Авалиани тут же налил водки, сказал что-то длинное, со звоном чокнулся о Костину рюмку.
– Ты понял? – спросил Авалиани. – Это я сказал: победа тебе! Пусть ты всегда будешь победитель!
– Над кем победитель?
– Над кем захочешь. Везде тебе пусть победа! На службе победа – чтобы скорей начальником стал, у друзей тебе победа – чтоб первым среди них был! Денег захочешь много – пускай тебе тут победа. Девушку полюбишь, захочешь, чтоб женой была, – и тут пускай тебе победа… Везде победа!
Графинчик был уже опорожнен.
– Эй, кацо! – закричал Авалиани, подзывая официанта. – Ты нам мало принес!
Графинчик совершил недолгое путешествие к буфетной стойке и снова вернулся на стол, наполненный по горлышко.
Авалиани даже не порозовел от водки.
Он сидел прямо напротив Кости, за ним было удобно наблюдать, но наблюдать было решительно нечего; Авалиани вел себя как самый обыкновенный, банальный кутила, дорвавшийся до выпивки и застольной болтовни: без умолку молол, что приходило в голову, подливал Косте в рюмку, чокался, заставлял пить и пил сам, каждый раз произнося какой-нибудь замысловатый тост.
Костя чувствовал, что водка его уже забирает.
«Стоп!» – сказал он себе.
Следующую рюмку он просто пригубил и потом только приподнимал ее, но уже не пил, предоставив это одному Авалиани.
А тот, видать по всему, выпивоха был изрядный.
Но все-таки и его проняло. Глаза его сузились, как-то странно, на азиатский манер, скосились, блеск их стал лихорадочным, лоб взмок. Задев рукавом, он едва не свалил на пол графин.
В это время он изображал льва Цезаря, который, хотя и научен разным штукам, но все равно – как был, так и есть первобытный зверь. Когда его, подлую сволочь, привезли, он ни с того ни с сего изловчился хватить Авалиани сквозь прутья лапой. Слава богу, только порвал рубаху, а будь расстояние хоть на вершок ближе, наверное, не пришлось бы сидеть сейчас за этим столом…

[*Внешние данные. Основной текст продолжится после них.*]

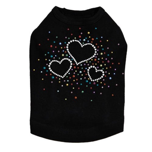 Three Hearts with Multicolored Studs rhinestone dog tank for large and small dogs.
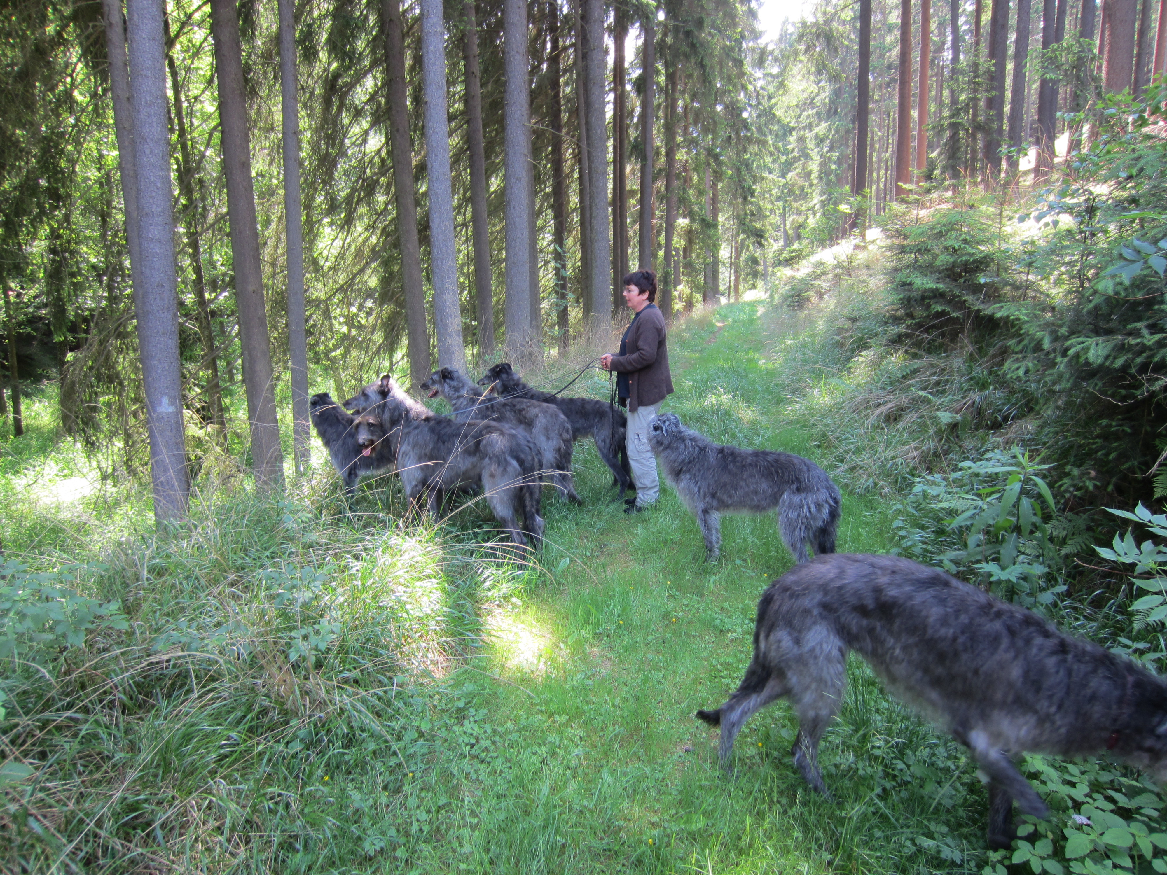 Donderdagochtend, 31 mei, vertrekken we, Sonja en wij, richting Tsjechië. Vlak voor de Tsjechische grens slaan we nog 60 kilo vlees in voor de hounds. Het past maar net in de vier vriezertjes die we bij ons hebben maar het moet net voldoende zijn om onze 8 hounds iedere dag van een normale maaltijd te kunnen voorzien. We blijven een aantal dagen op een leuke camping in het plaatsje Červená Řečice, een eindje onder Praag, overnachten. Het is er zeer spannend want het stikt er van het wild. De oudere dames; Coney, Caintha, Lavinia en nog niet
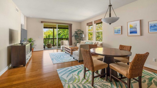 This central Poipu location offers golf course and mountain views and is within walking distance to additional dining, shopping, and entertainment at Poipu Shopping Village and a short distance to world famous Poipu Beach.
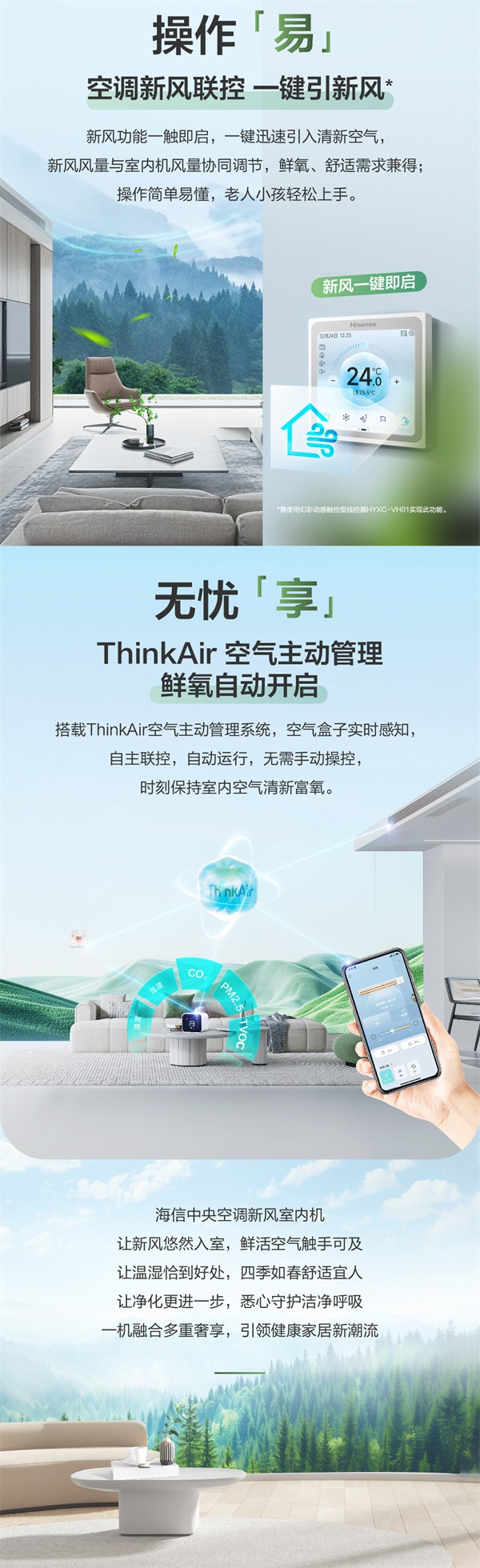 海信中央空调新风室内机让新风悠然入室,鲜活空气触手可及让温湿恰到好处,四季如春舒适宜人让净化更进一步,悉心守护,洁净呼吸一机融合多重奢享,引领健康家居新潮流。

Авалиани скрючил наподобие когтей пальцы и, подражая львиному рычанию, поцарапал себя по груди и боку, показывая, как Цезарь рвал на нем одежду.
– …а она, – нет, ты панымаишь, стерва какая! – в страшном возмущении скрипнул он зубами, разумея под стервой фрау Коплих. – Она только смеяться начала! Ви, говорит, должно быть, баня не ходиль, водка многа пиль? Мой Цезарь не любит, когда баня давно не ходят и водка многа пьют! Ви, говорит, должно быть, не совсем культурни шелёвек, а Цезарь приехать из Европа!
Скрипя зубами, дергаясь от гнева лицом, Авалиани далее представил, какие слова выслушала от него фрау в ответ на такую свою наглость.
– И это кого – меня, защитника Родины, героя Отечественной войны, учить культуре? Дзмобилё, ты панымаишь, что я не мог стерпеть! Я ее от фашистского ига освобождал! На смерть шел! Во мне полпуда железных осколков от фашистских снарядов! Хочешь, я покажу тебе свои боевые раны? Может быть, ты не веришь, что на мне боевые раны?
«Ну, поехало! – с мрачной скукой подумал Костя. – Боевые раны! Сейчас начнет про ордена, бронзовый памятник на родине…»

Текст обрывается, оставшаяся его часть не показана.